Had the pleasure of speaking with Splunk’s CEO Michael Baum this morning for the second time. For James and Cote, it was the first – and it might be the first time in weeks that we’ve all been on the phone at the same time. The last time I spoke with the Splunk gang was in July of last year, and a lot’s changed since then – most notably last week’s introduction of Splunk Base, which was covered by /. here. I thought the technology was interesting last summer, and it’s become only more so since then.
Following that conversation, some of the Splunk folks were quite considerate in getting me a Gentoo friendly version. While it’s not in Portage (the Gentoo library management system), folks like Christina Noren and Brad Hall gave me a lot of support in adding NPTL support through the Gentoo USE flag system, etc. While the effort was much appreciated, it took me weeks after I expected to get the application installed – through no fault of Splunk’s, I had other things wrong with the box – and because of those problems, it rarely worked.

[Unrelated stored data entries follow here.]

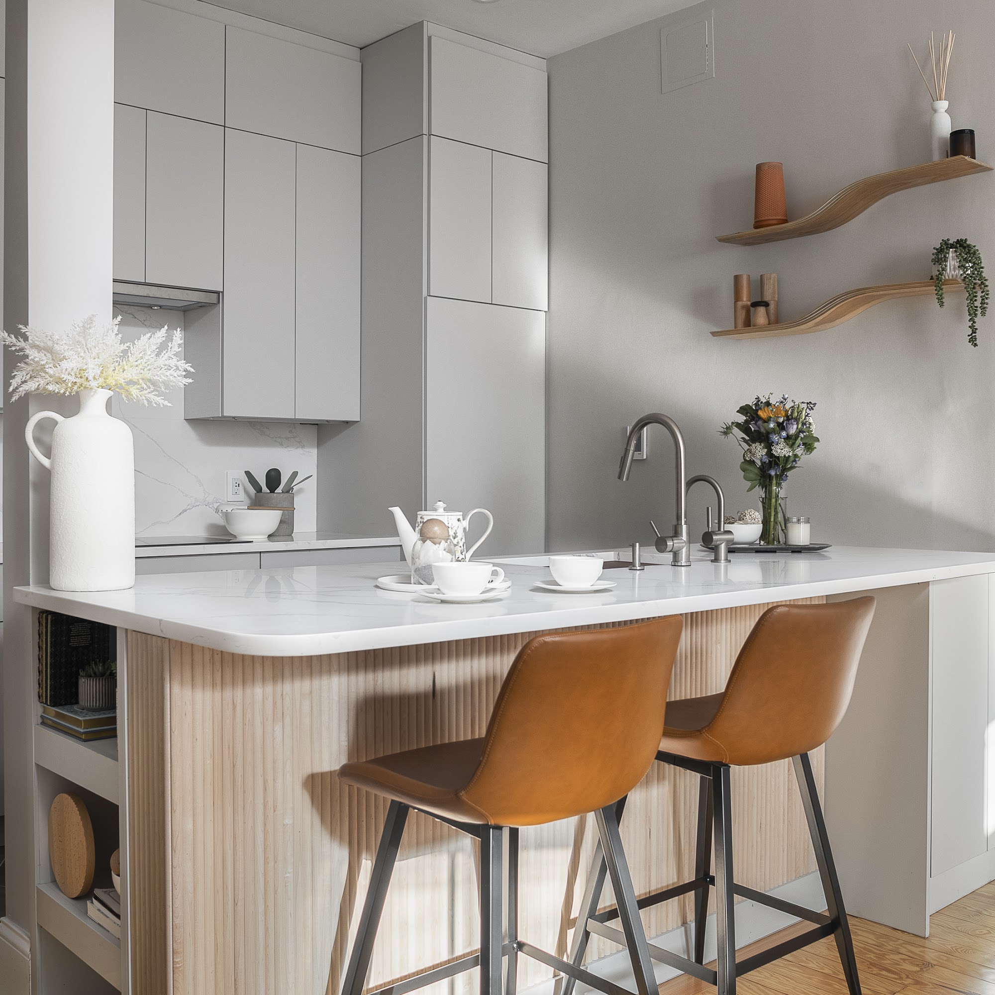 Ksana worked closely with us to translate our style inspirations and practical needs into a plan that works perfectly for our space. We were able to transform a very strangely laid out kitchen into a new kitchen space with an added half bath and entryway -- that somehow feels much larger because of Ksana's solid design...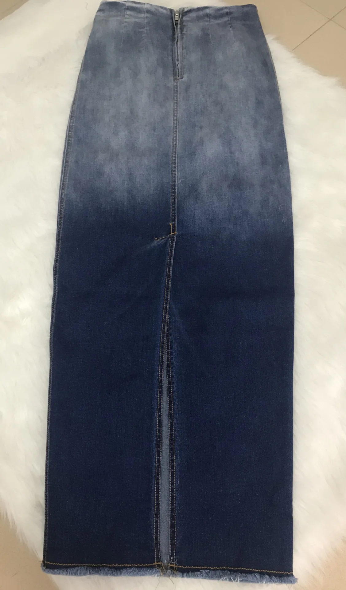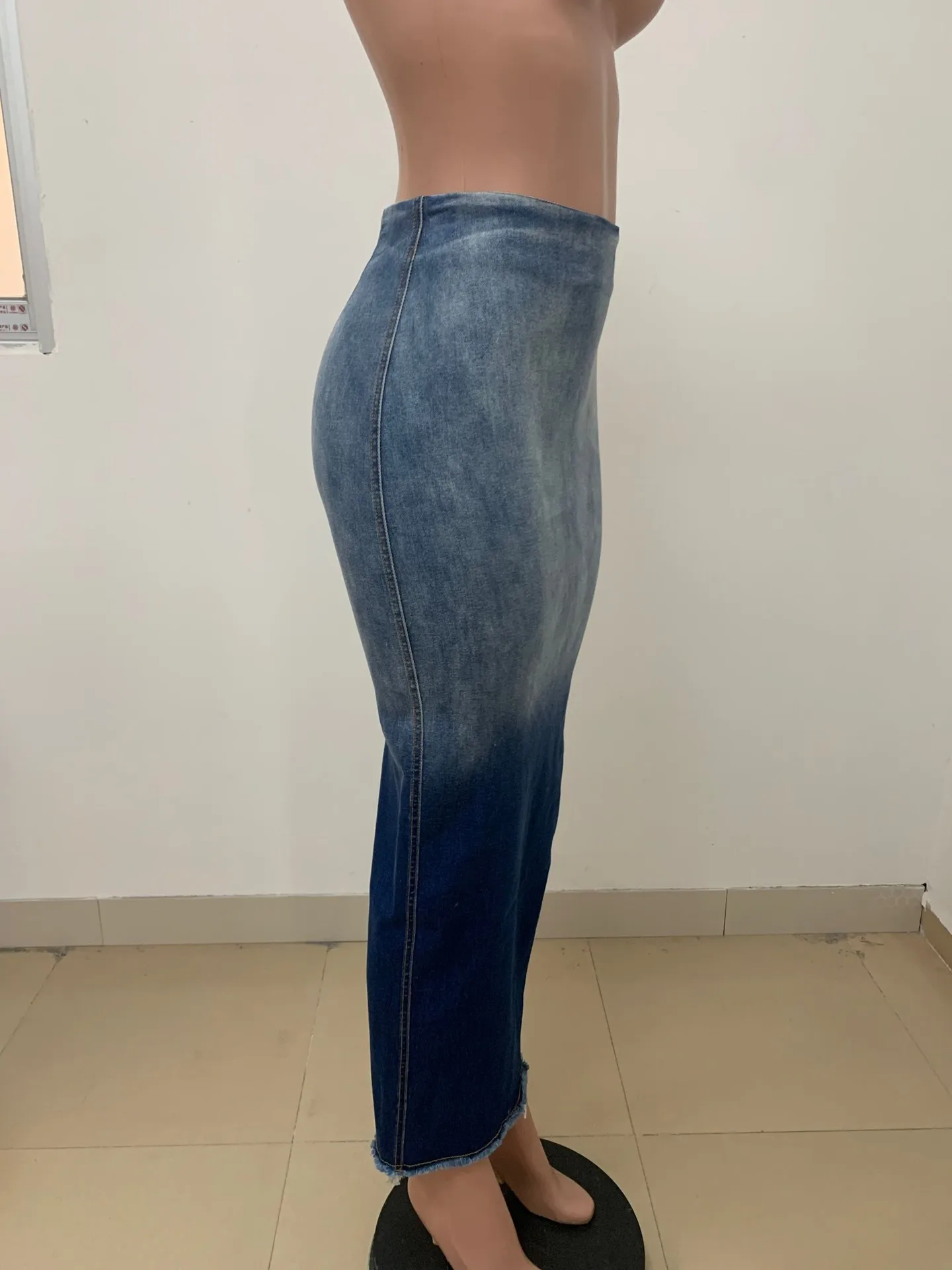 LD1386 2024 New Fall Women Clothes Fashion Slit-fringed Denim Skirt Sexy Denim Bodycon Gradient Women's Skirts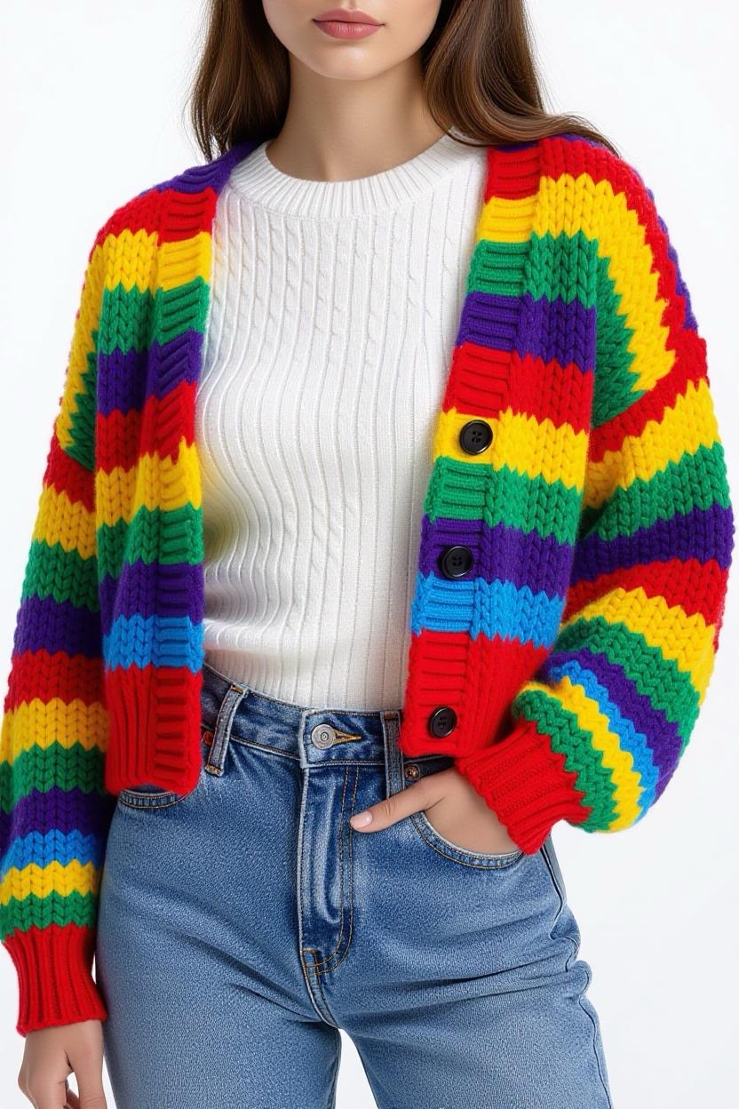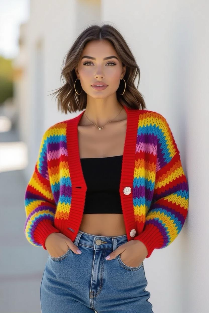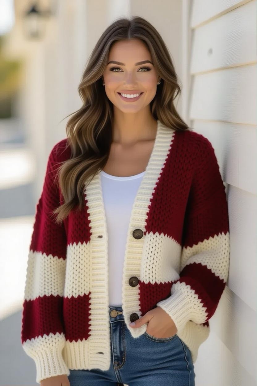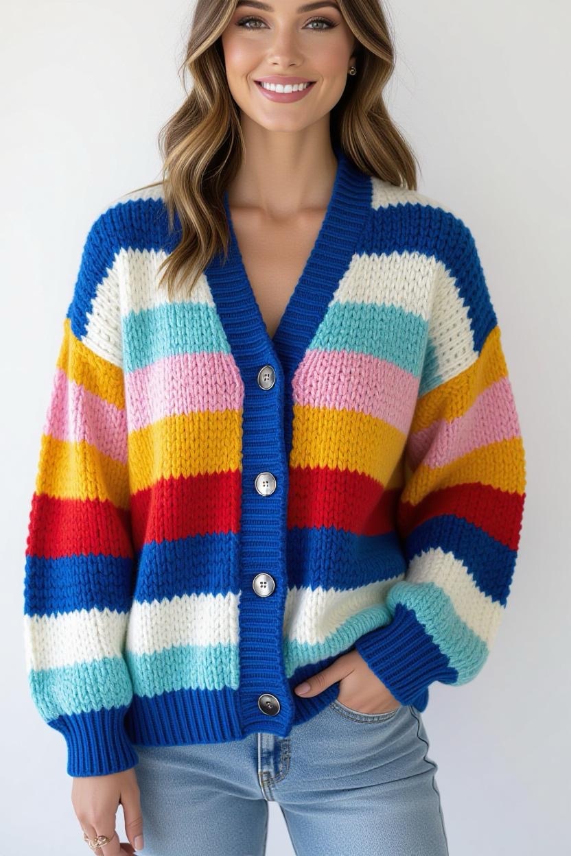 Add color and personality to your wardrobe with a striped cardigan design. The beauty of stripes is that you can play around with different color combinations, bold contrasts, subtle gradients, or pastel mixes. It’s the perfect weekend wear for relaxed, easygoing vibes.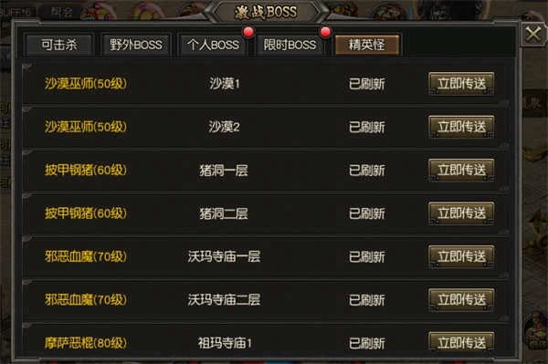 5、BOSS相关:对于具备条件的玩家要特别注意,战神在游戏里极为重要。在游戏前期,能够借助战神去刷各类BOSS 。具体操作是先让自己的战神去吸引BOSS的仇恨,待BOSS的仇恨完全集中在战神身上后,玩家再与战神配合一同刷BOSS 。尤其是道士职业,可利用施毒技能持续给BOSS上毒,运气佳的话,有机会爆出4 - 8转的装备。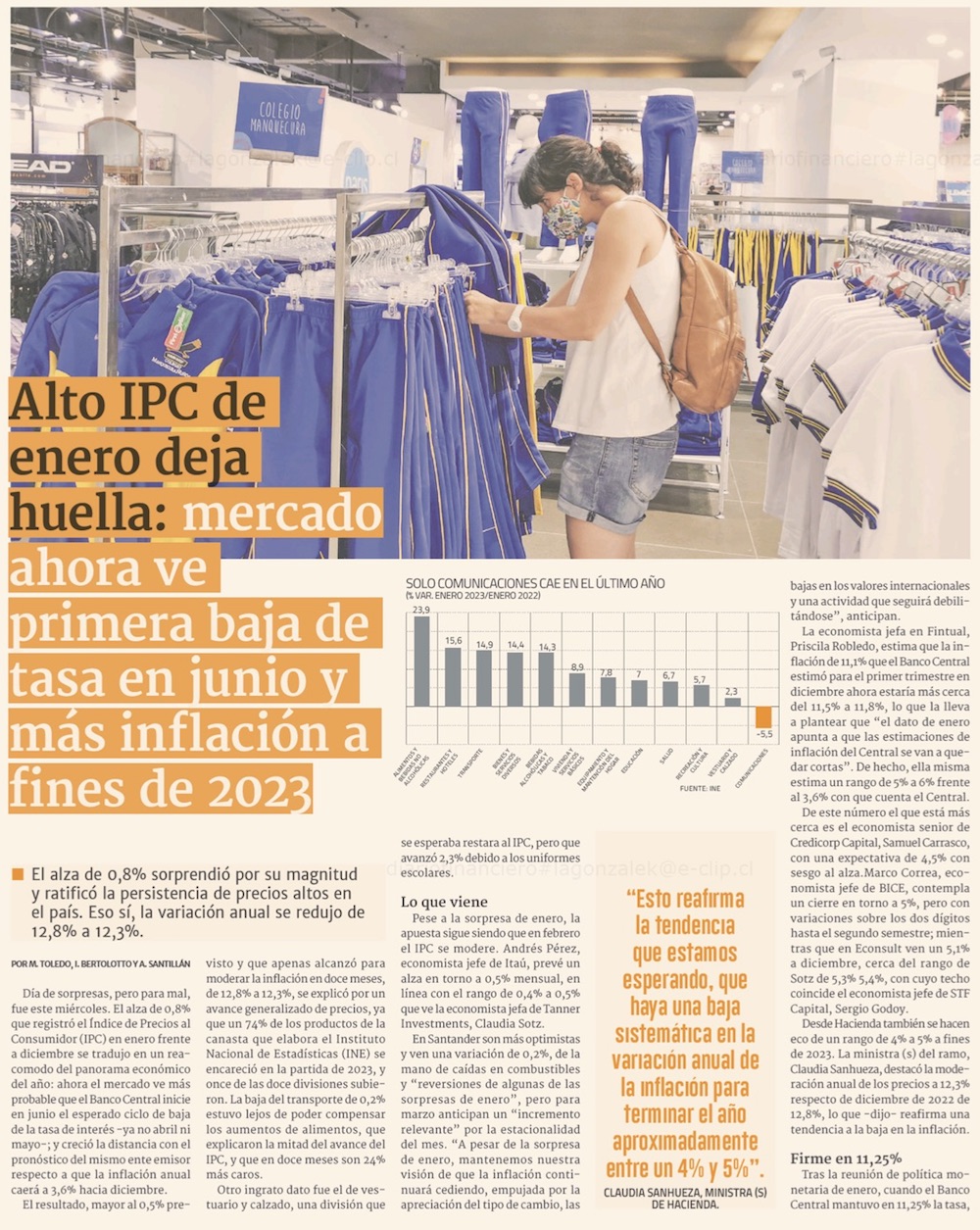 IPC de enero sorprende al alza y crece opción de aplazar recorte de tasas para junio - (El Mercurio de Santiago)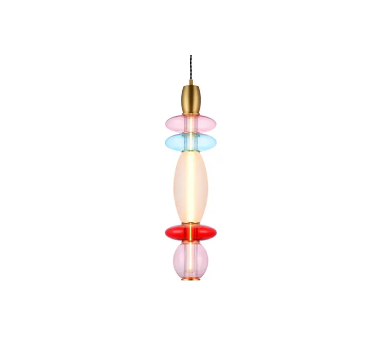 Cette suspension en verre et aluminium se distingue par une variété de couleurs telles que le bleu, le rose, le rouge et le blanc opaque.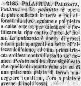 | Palafitta, Palizzata, Palata - La palafitta è opera di pali conficcati in terra e poi afforzati da altro legname e poi pietre e calce e terra per difendere e fortificare la ripa contro l'urto de' fiumi. La palizzata è opera di grossi e forti pali sporgenti da terra all'altezza dell'uomo, ed è una prima trincea e difesa contro l'assalto de' nemici. Palata non ha altro significato che quello di quanta roba sta su di una pala: una palata di terra: maneggiare i quattrini, l'oro a palate è averne di molti assai. [immagine] |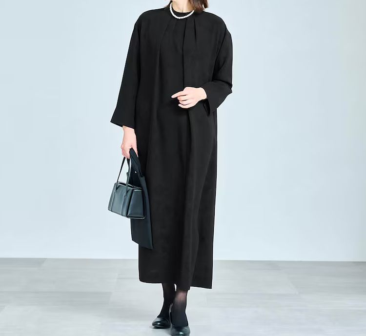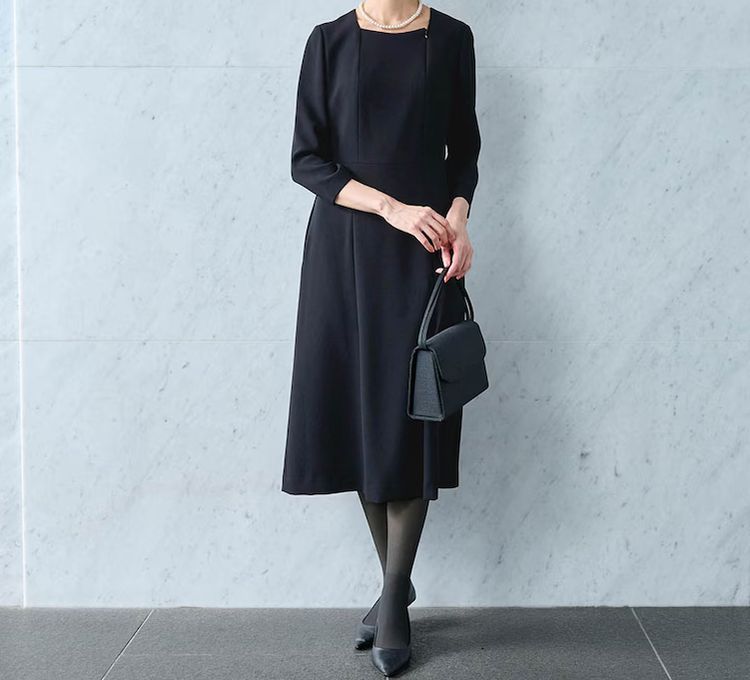お通夜やお葬式に参列する機会が増えていく世代ですから、きちんとしたブラックフォーマルを1着は持っておきたいですね。体型が気になる方は、体のラインをカバーするワンピースタイプの喪服がおすすめ。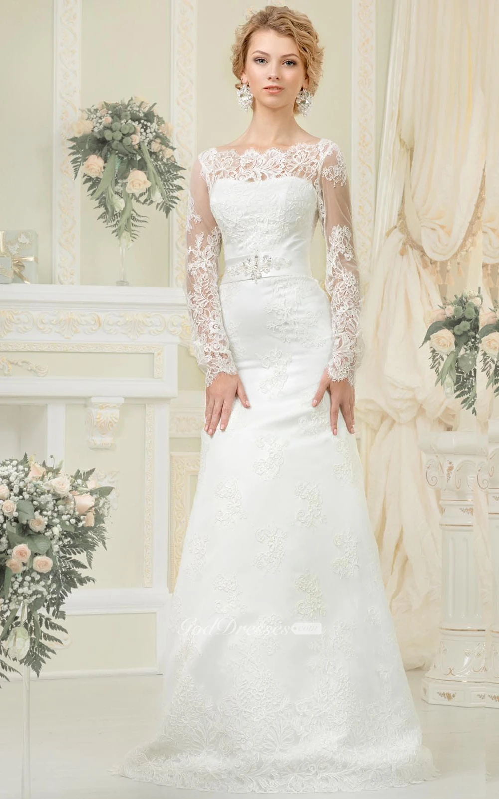 Sheath Floor-Length Bateau-Neck Illusion-Sleeve Lace-Up Lace Dress With Sash And Beading
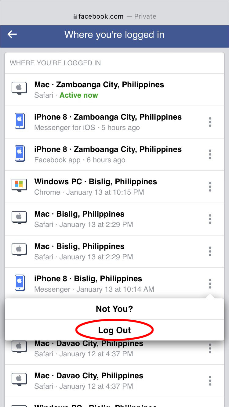 - Confirm the action by tapping“Log Out.” You will be signed out of all the devices listed except the one you are currently using to access your account.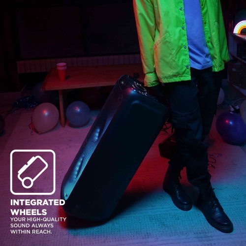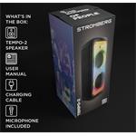 Stromberg TEMPO-2 přináší pořádnou dávku zvuku, světla a zábavy. Výkonný Bluetooth reproduktor o výkonu 120 W s RGB LED podsvícením rozzáří každou párty. V balení najdete také mikrofon, se kterým si užijete karaoke i moderování. Díky funkci Stromberg Connect můžete propojit dvě jednotky TEMPO-2 a vytvořit skutečný stereo zážitek. S výdrží až 6,2 hodiny na jedno nabití zvládnete v pohodě ozvučit i delší večírek.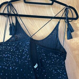 Free People Intimately Black sequin tie shoulder Mini Dress M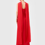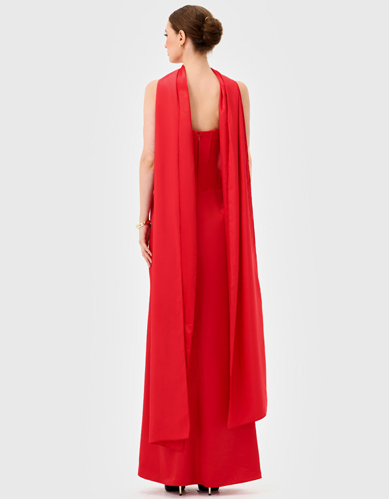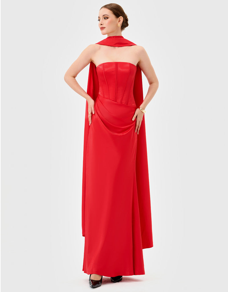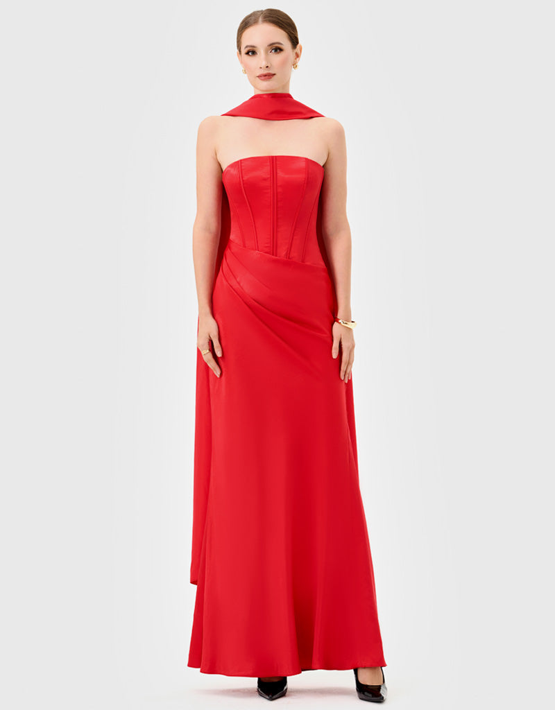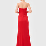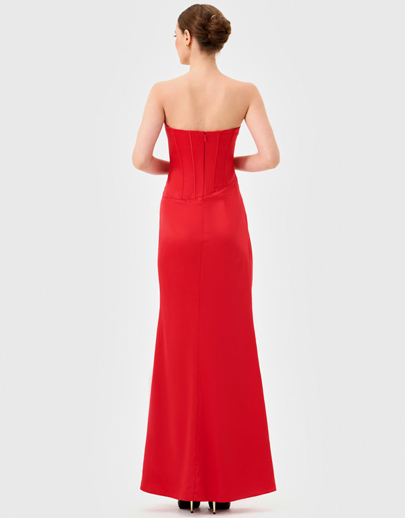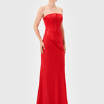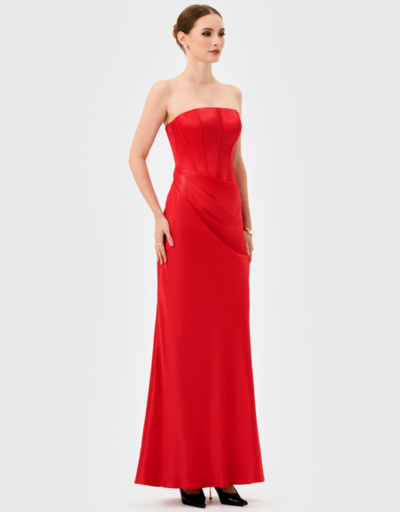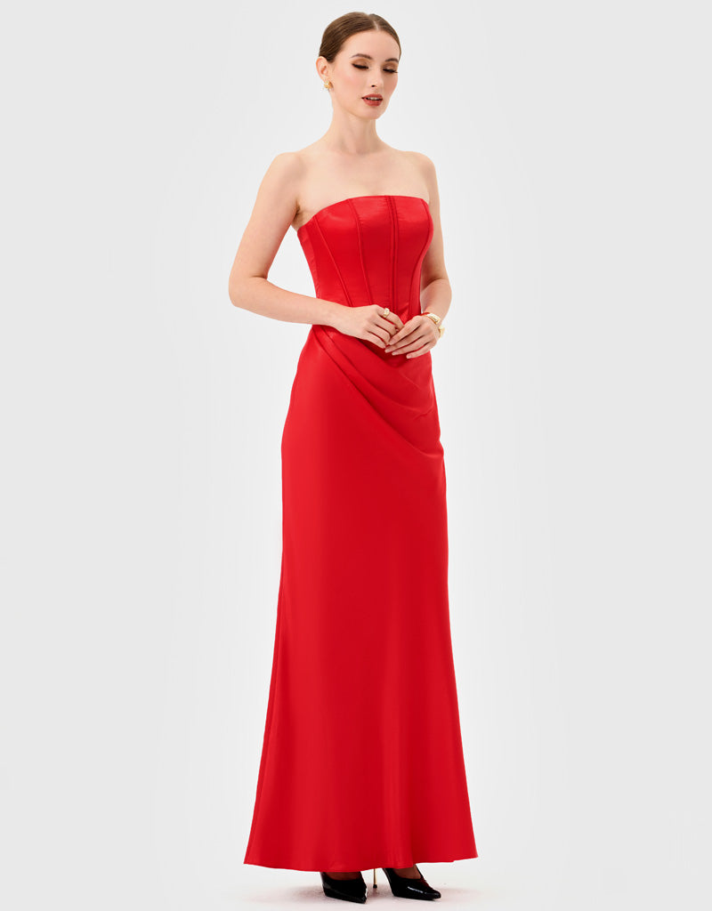 This strapless gown is cut with a gently curved neckline and structured with built-in cups for support. The corset-style bodice features paneled seams and boning, creating a defined silhouette that transitions into a floor-length skirt with soft draping at the hips. Fully lined and finished with an invisible back zip for a seamless close.

A couple of weeks ago, however, I scheduled another Splunk briefing and removed my existing install and started from scratch. This time, given the fact that the box had been more or less fallow for a couple of weeks and didn’t have 25 different things running on it, everything went fine. Splunk was up and running, and to give it some fodder, I had it chew on the mail, FTP, and Apache logs from our production server that I’d pulled down.
It crawled the various logs pretty quickly – as we’re talking data volumes in the hundreds of MB range rather than the GB’s Splunk’s capable of handling – and then I was presented with a very nice, Ajax style interface (John Vey’s work, perhaps?) to my various logs. After playing around a bit, I quickly ran out of steam – what would I Splunk for next? It was like being asked to test Google: seach engines are a lot easier to use when you actually have something to look for.
But while on the call today, I remembered that we did in fact have a problem that our logs might be able to shed light on. A couple of months back, our Movable Type instance decided to quit sending us email notifications of comments and trackbacks. This was not attributable to any obvious product upgrade or plugin installation, and given the fact that the comments were available via the standard MT interface and my comments feed, I didn’t really bother looking into it. SSHing into the server and grepping through random files seemed like too much of a hassle.
Enter Splunk; for this exercise, I pulled down the latest product log files via FTP, but have since set up a cron to that regularly. From there, I manually uploaded them to Splunk in a process quite similar to the one required to get the above screenshot into Flickr.
From there, I clicked on the mail log file, and searched for mt assuming – correctly, as it turned out, that Movable Type log events would contain references to mt*.* files. Sure enough, I came across entries containing both mt-comments.cgi as well as sendmail. From there I pulled out what I’m guessing is an event ID, and searched on that. That returned me the results pictured (you’ll have to look at the full size to read it, sorry). By themselves, they solve nothing; near as I can determine, they tell me that MT is triggering sendmail successfully, and that it’s passing my email, and that sendmail is for some reason transmitting to 127.0.0.1 (localhost).
But while it doesn’t solve my problem, I know more then I did before:
- I know that MT can find sendmail
- I know that sendmail is receiving the request and responding
This information would seem to indicate that if the problem is with MT, it’s that it’s not passing something that sendmail needs – and more likely is my sendmail configuration.
Seems trivial, perhaps, but I can tell you that having spent hours in my SI days tracking down problems caused by just such trivial information. The other reaction I’ve gotten from a couple of people is that they’ll just stick w/ grep, because after all the information is contained within log files, which I don’t agree with. I can crawl through a directory of my mail files, but I’d much rather do it with Gmail – the Ajax features, the search, the filtering make me far more productive. As my colleague put it today, Splunk and its competitors are nothing short of productivity tools for sysadmins.
What would I like to see next? As I told Michael, some hand holding for non-log file veterans would be welcome, whether it’s provided by Splunk or layered on by third parties. It’d also be nice if Splunk had some built in intelligence about standard log locations for some of the more popular applications and offered to include them by default. I’m also very interested to see where Splunk Base goes, as the best practices, shared log analyses and so on that collaboration make possible could be hugely valuable. But all in all, I’m pretty impressed with Splunk. I need more problems to test it on, but it seems pretty useful so far. Any of you guys using it and/or testing it?
Disclaimer: Neither Six Apart (Movable Type) nor Splunk are RedMonk clients, although we are paid users of MT.